ENCONTRO COM INÊS III
Inês pouco falou. Um comentário ou outro. E eu preso pelo trinado da sua voz. Na minha estratégia, conversa e mais conversa era coisa que não faltava, mas o sim e o não, o por vezes e talvez que saíam da sua boca faziam-me pensar.
Que tinha nascido em Melgaço foi coisa que nunca escondi, minhoto 100%, anti-mouro quanto baste e amigo do amigo, tal qual meu pai me ensinou.
— Estou a gostar do passeio e da companhia, mais ainda de te ouvir.
Cântico do Zeca, lua cheia por entre o casario fazendo esquecer o fumo dos escapes, um sorriso para todos os loucos pobres da cidade, uma promessa de amor sempre cumprida, era o que eu sentia.
Junto ao rio perguntou:
— És mesmo de Melgaço?
— Sou. Nasci dentro daquelas muralhas que os homens, mais que o tempo, têm derrubado. Com aquelas pedras foram construídas as casas de meus avós e tantas outras na nossa Vila. Porquê, Inês?
Do rio já vinha uma aragem fresca e ela, levantando-se, espreguiçou-se com um sorriso.
— Nada. Havemos de voltar aqui, mas por hoje chega que a noite está a arrefecer.
Um beijo na minha face, um sorriso e Inês voltando as costas, desapareceu na noite com os cabelos dançando ao som de uma valsa que só ela ouvia.

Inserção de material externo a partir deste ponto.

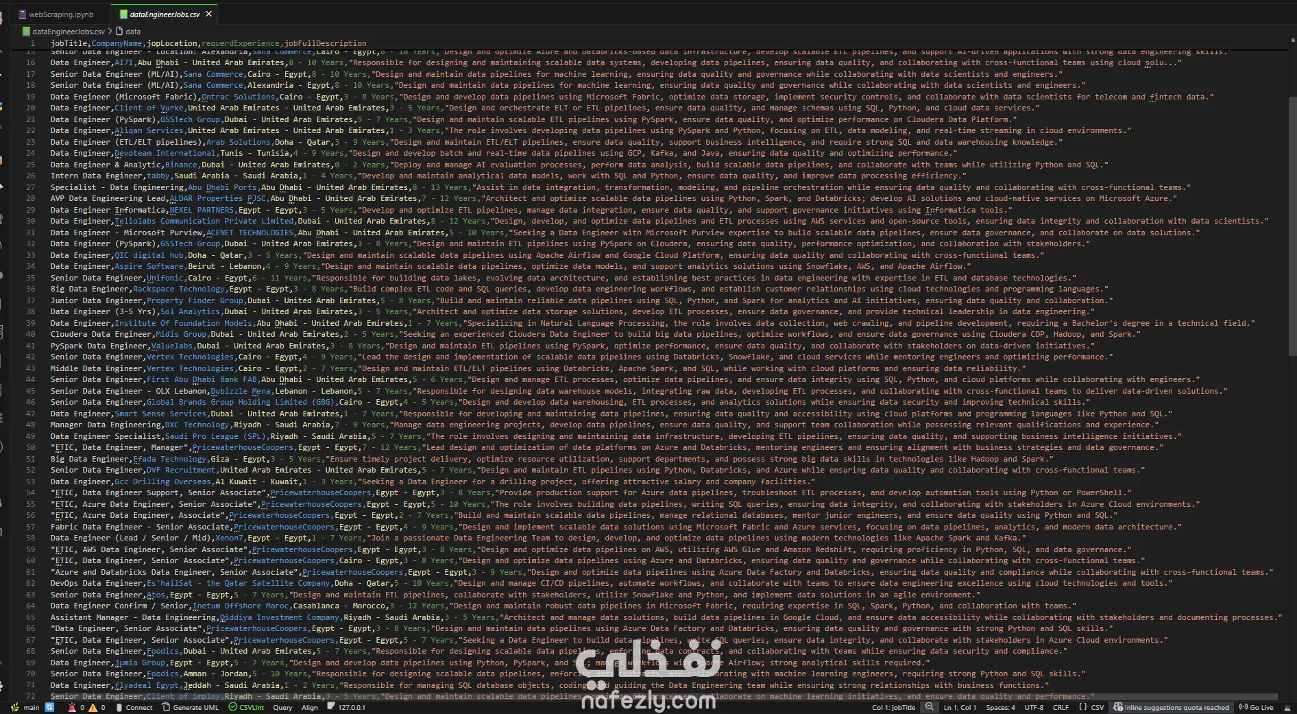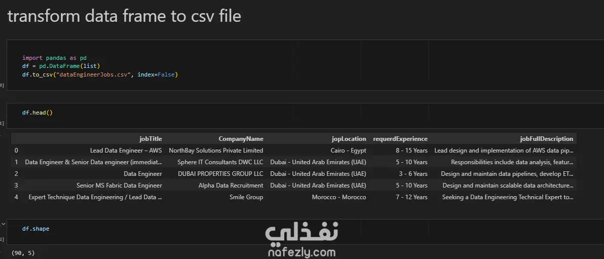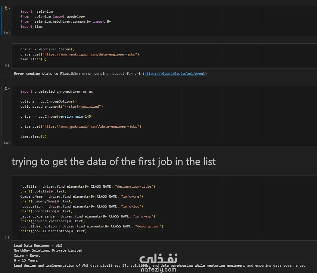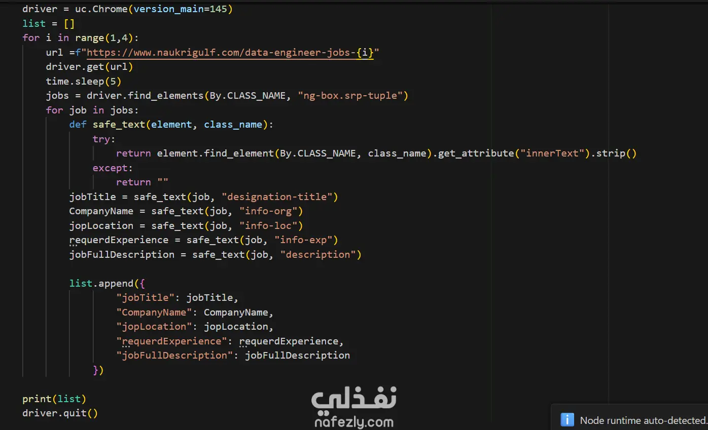 قمت بتنفيذ مشروع web scraping لاستخراج بيانات وظائف Data Engineer من موقع NaukriGulf، وهو من أكبر مواقع التوظيف في منطقة الخليج.

Quando nos voltámos a encontrar nem taft-taft, nem mosca existiam.
O meu sorriso e o brilho nos olhos de Inês eram o mundo.
Voltámos ao rio.
— Não gosto deste rio. É grande como o mar … nunca gostei do mar.
— Então porque vens aqui?
— Nas águas do rio reflecte-se a minha alma, as montanhas com neve, o verde, verde da Primavera …
Inês calou-se e eu sorri. Na verdade, sempre soube que a conhecia.
— E, no Verão, o amarelo de …
— Não digas mais. Vamos só olhar o rio.
— Quem és tu?
— Sou a Inês.
Fiquei desarmado, mas a ansiedade no meu rosto fez com que o seu sorriso se alargasse cada vez mais e, beijando-me na face à laia de despedida, “disparou”:
— Quem sabe, talvez um dia te conte a minha história.
Os seus cabelos voltaram a dançar e ela desapareceu na noite.